I think it's a problem that grant application evaluators face. I want to fund the research team that will most strongly contribute to long term progress on FLT (or pick a problem that seems likely to have a 30 year horizon, rather than a 200 year horizon), and both teams are motivated to convince me they deserve the funding. Even for humans, this is not an easy task. Generally speaking, given a sufficiently technical mathematical paper (or cluster of papers in the authorship graph), there may exist no more than 20 people on Earth that really understand the subject enough to honestly evaluate how relevant that paper is to the grant subject: all of those people are friends of the author (and may be motivated to advance the author's career by helping them secure a big grant, irrespective of the abstract relevance of the research; one author in their network's success contributes to their own success, via collaborations, citations, etc.), and none of whom are evaluating the grant applications.
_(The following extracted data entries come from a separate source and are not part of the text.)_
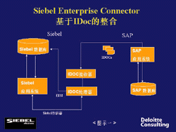 如果在CRM設(shè)計(jì)中就充分考慮到了哪些數(shù)據(jù)需要不斷和ERP進(jìn)行同步更新,上述麻煩就會大大減少。這也是為什么像Siebel這樣的行業(yè)領(lǐng)先的前端辦公軟件開始提供與SAPR/33.1以上版本的ERP進(jìn)行完全兼容的中間軟件(middle ware)。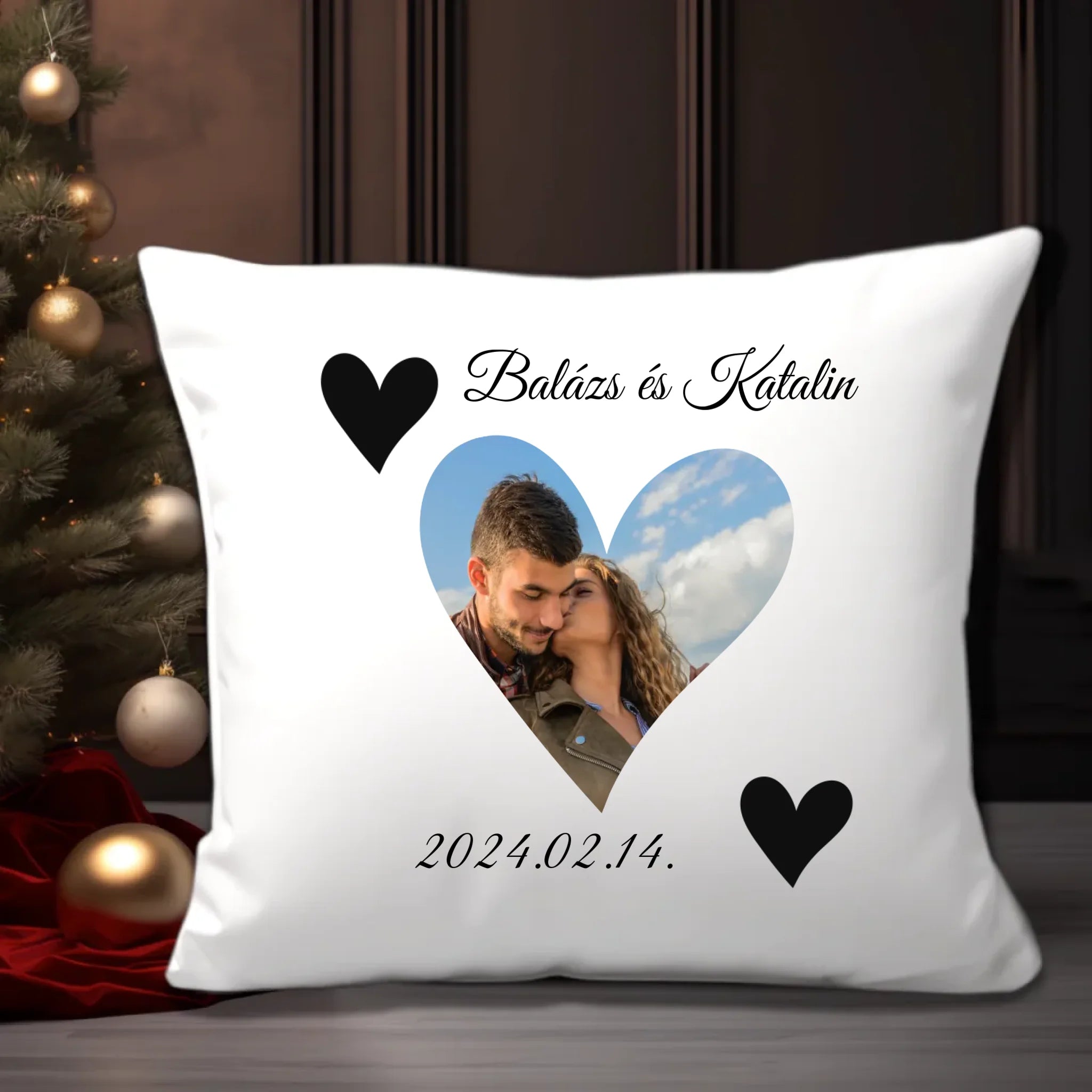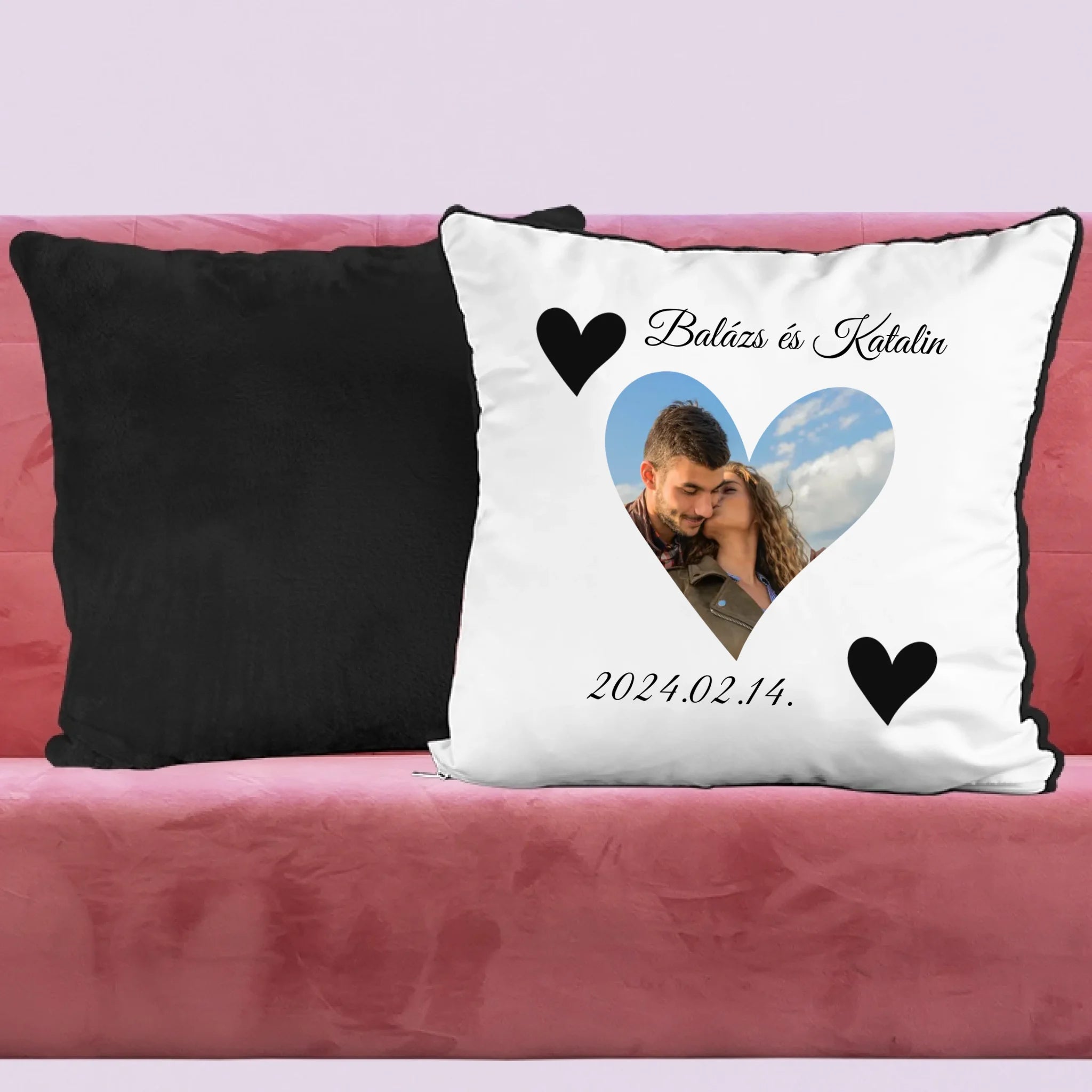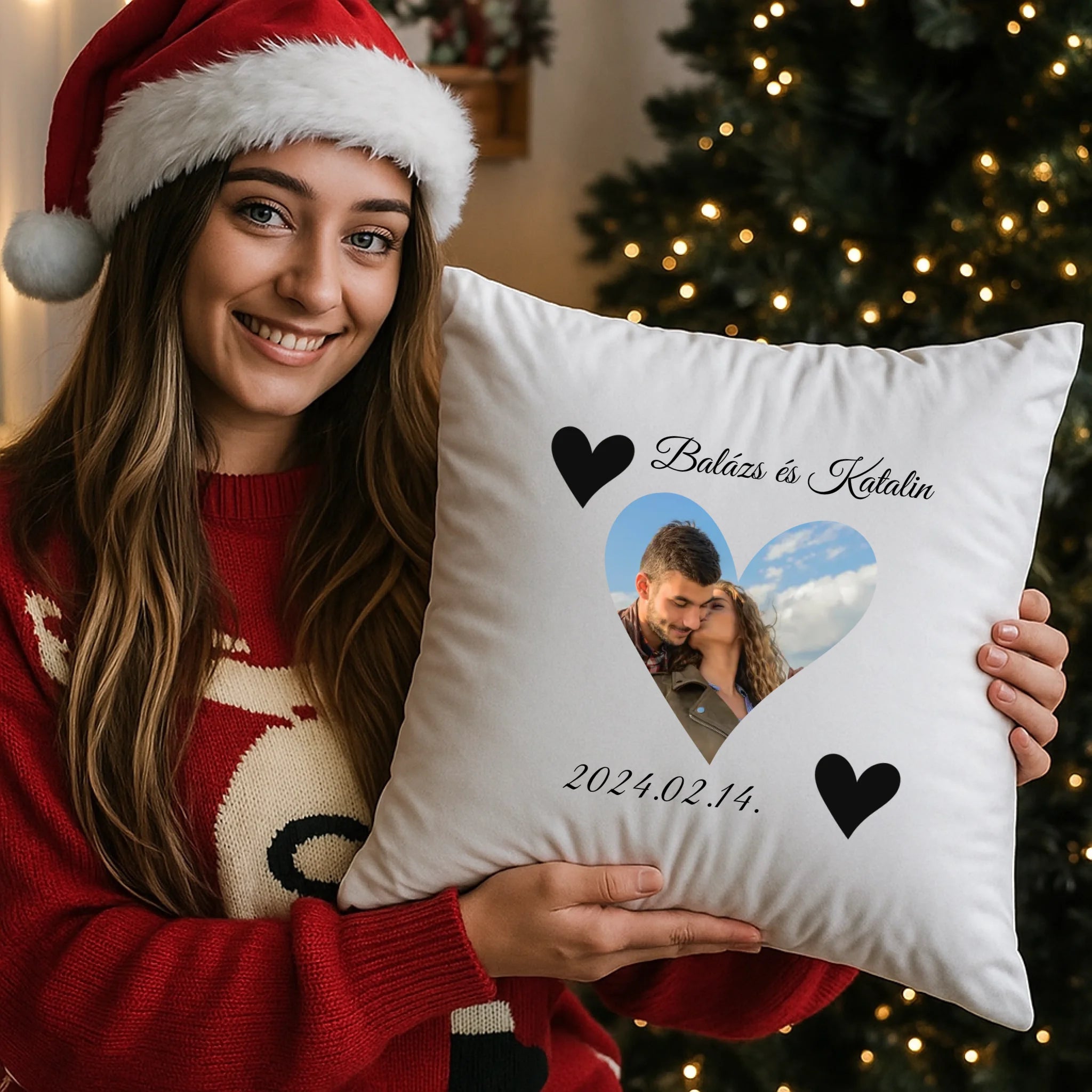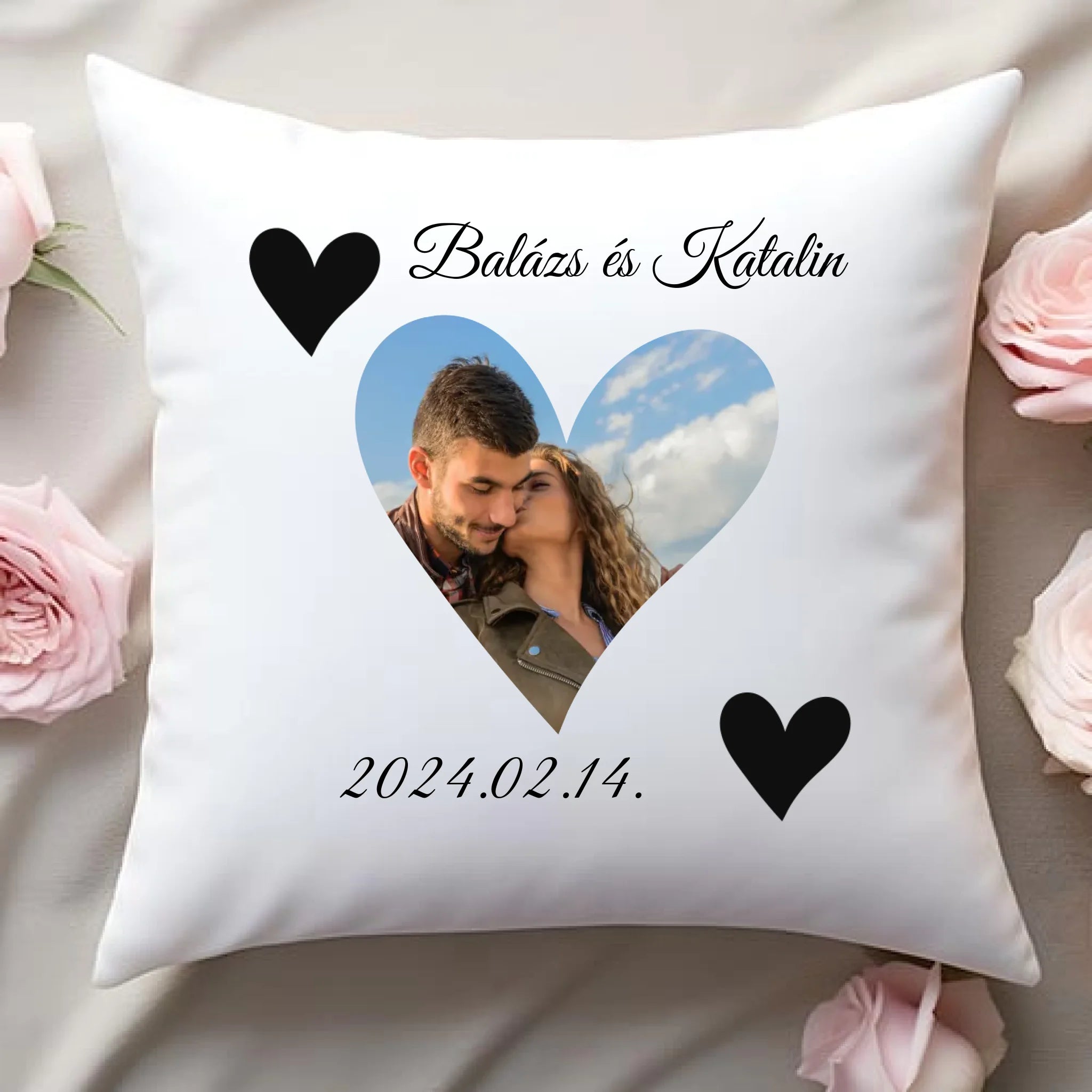 Egyedi párna saját fotóval, ami szív alakúra van vágva.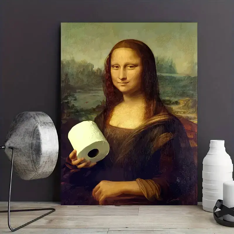 1 piece/set frameless canvas painting print poster, classic funny abstract art, funny bathroom Mona Lisa holding toilet paper, dedicated to those who like unique artwork, ideal gift for bedroom, living room, kitchen, dormitory corridor, mural, wall decor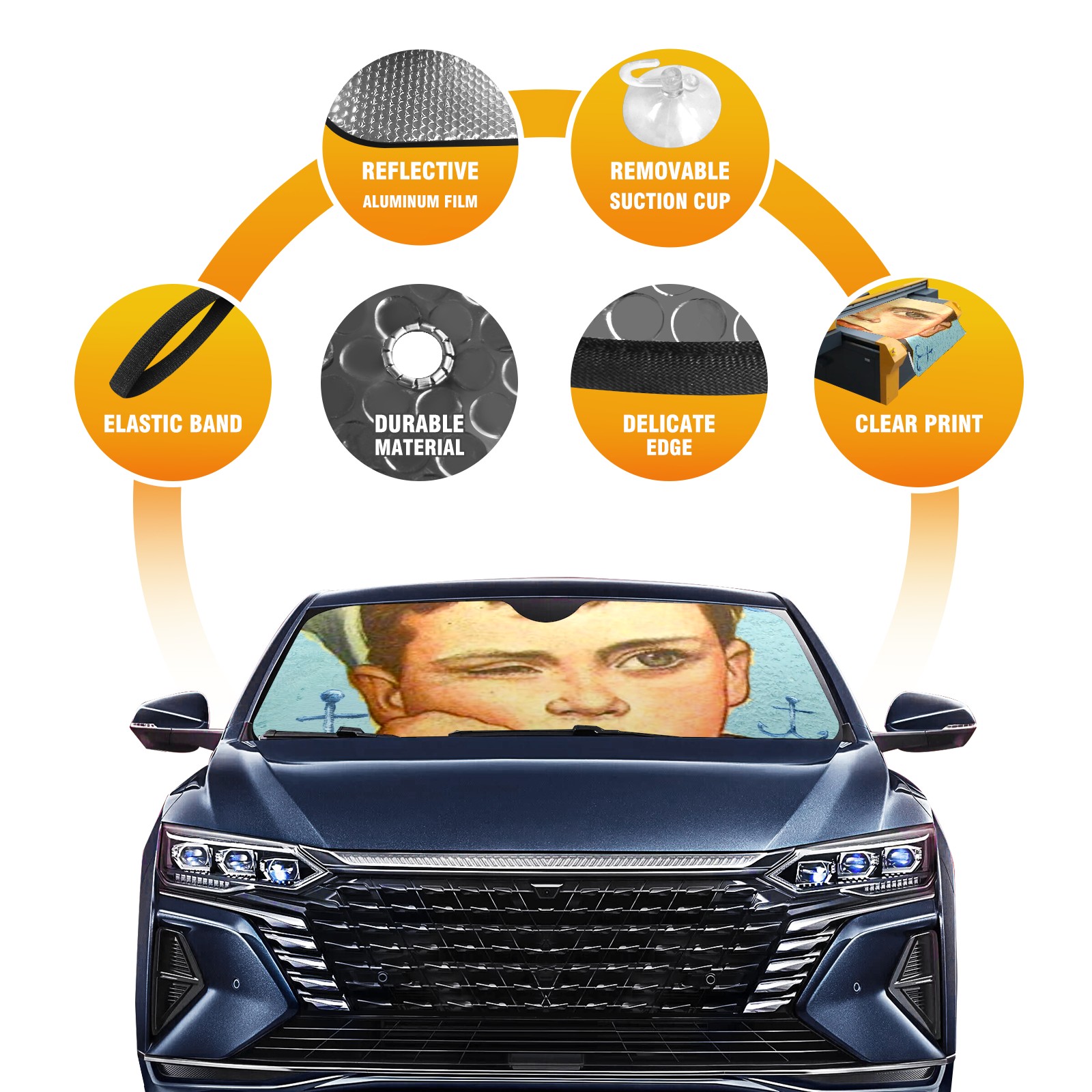 Car Windshield Sun Shade For Front Window Boy In Sailor Suit Foldable Vehicle Windshield Car Sun Visor Covers Automotive Window Protector Car Camping Privacy Sun Blocker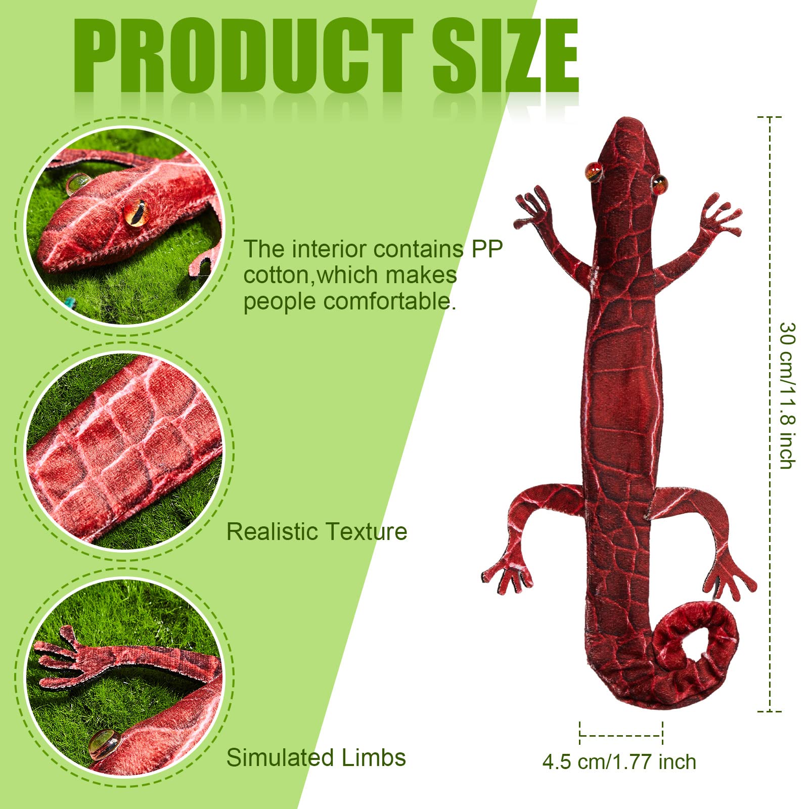 Features: Bring you happiness: You can take these Halloween slap bracelets out to amuse your friend on festival, will bring much happiness to you, and make you closer. Considerate presents: Our Halloween snap bracelets can be sent to your friend, to wear them together, making you become the focus of the party. Specifications: Material: polyesterColor: as shown in the pictureSize: approx. 29 cm/ 11.42 inchesPackage includes: 10 x Lizard snap braceletsNote: Manual measurement, please allow slight errors on size. The color may exist slight difference due to different screen displays.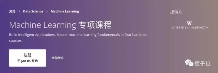 这版机器学习课来自华盛顿大学,内含四门子课程,分别为机器学习案例研究方法、回归、分类和聚类和检索问题。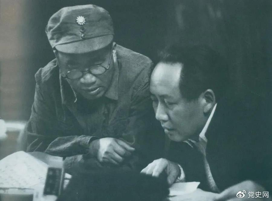 1945年4月,毛泽东和朱德在中国共产党第七次全国代表大会上。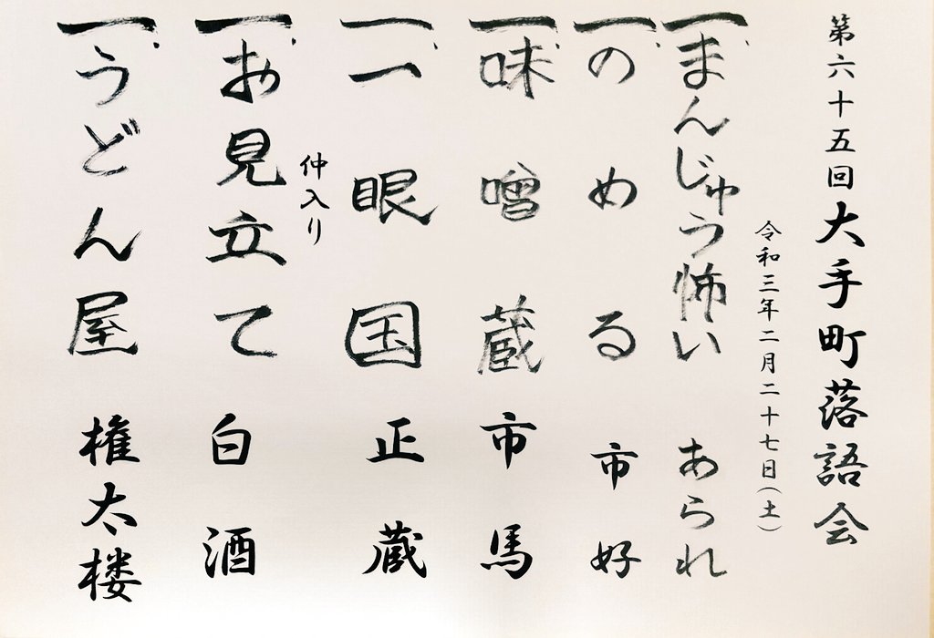​2021/2/27@大手町日経ホール 第六十五回大手町落語会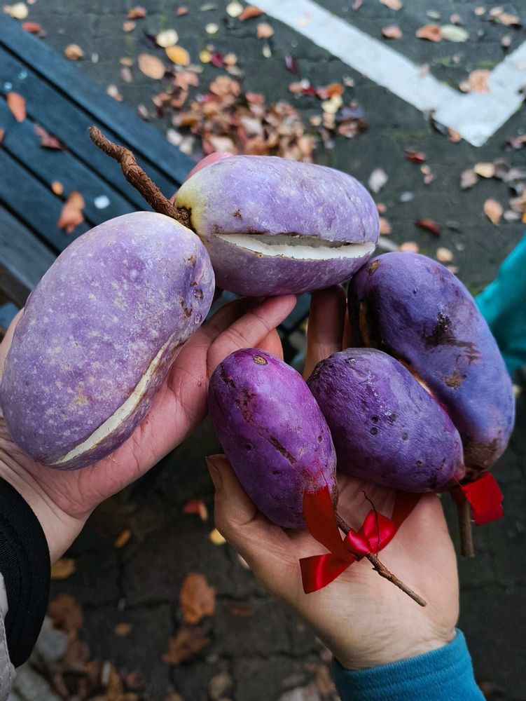 そうですね、ムベはコロンとしていて、アケビはずっしり大きく育ちます。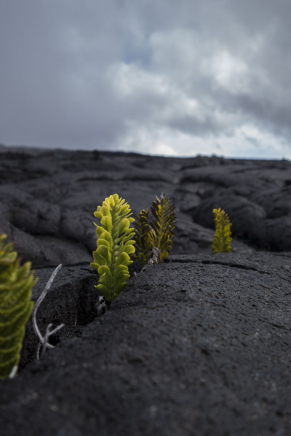 This is the 1984 Mauna Loa flow that came within a few miles of the house, before stopping. The picture was made at about 8000' (2400 metres) elevation. There's more vegetation on the flow at lower altitudes. Give it another century and we'll probably have a thin forest here -- unless, of course, Mauna Loa sends another flow over this one.

That is, someone is building a tower / castle in the sky, and the only people who really understand the castle are personal friends of the builder. We are placing a lot of trust in the builder (and their authorship network) when we choose to fund their project, like it or not. So, here the research teams are two (or a thousand) competing parameterizations of some model in a training environment, I may strongly suspect that massive towers will have to be built, but I don't want to trust my own intuitions about which towers are useful or not. I want to at least leave open the possibility that we (like Fermat's contemporaries) have just no idea what needs to be done to make progress, and that we should allow "well-aligned" crazy ideas to flourish. I have to (at least partially) trust that the tower-builders genuinely "believe" on some internal level that they're building in the right direction.
I of course agree entirely that systems that are advanced enough for the above to actually be a problem worth intensely caring about are quite a ways off, but they will come to exist sooner or later, and I don't think it's obvious how to get those systems building in productive directions.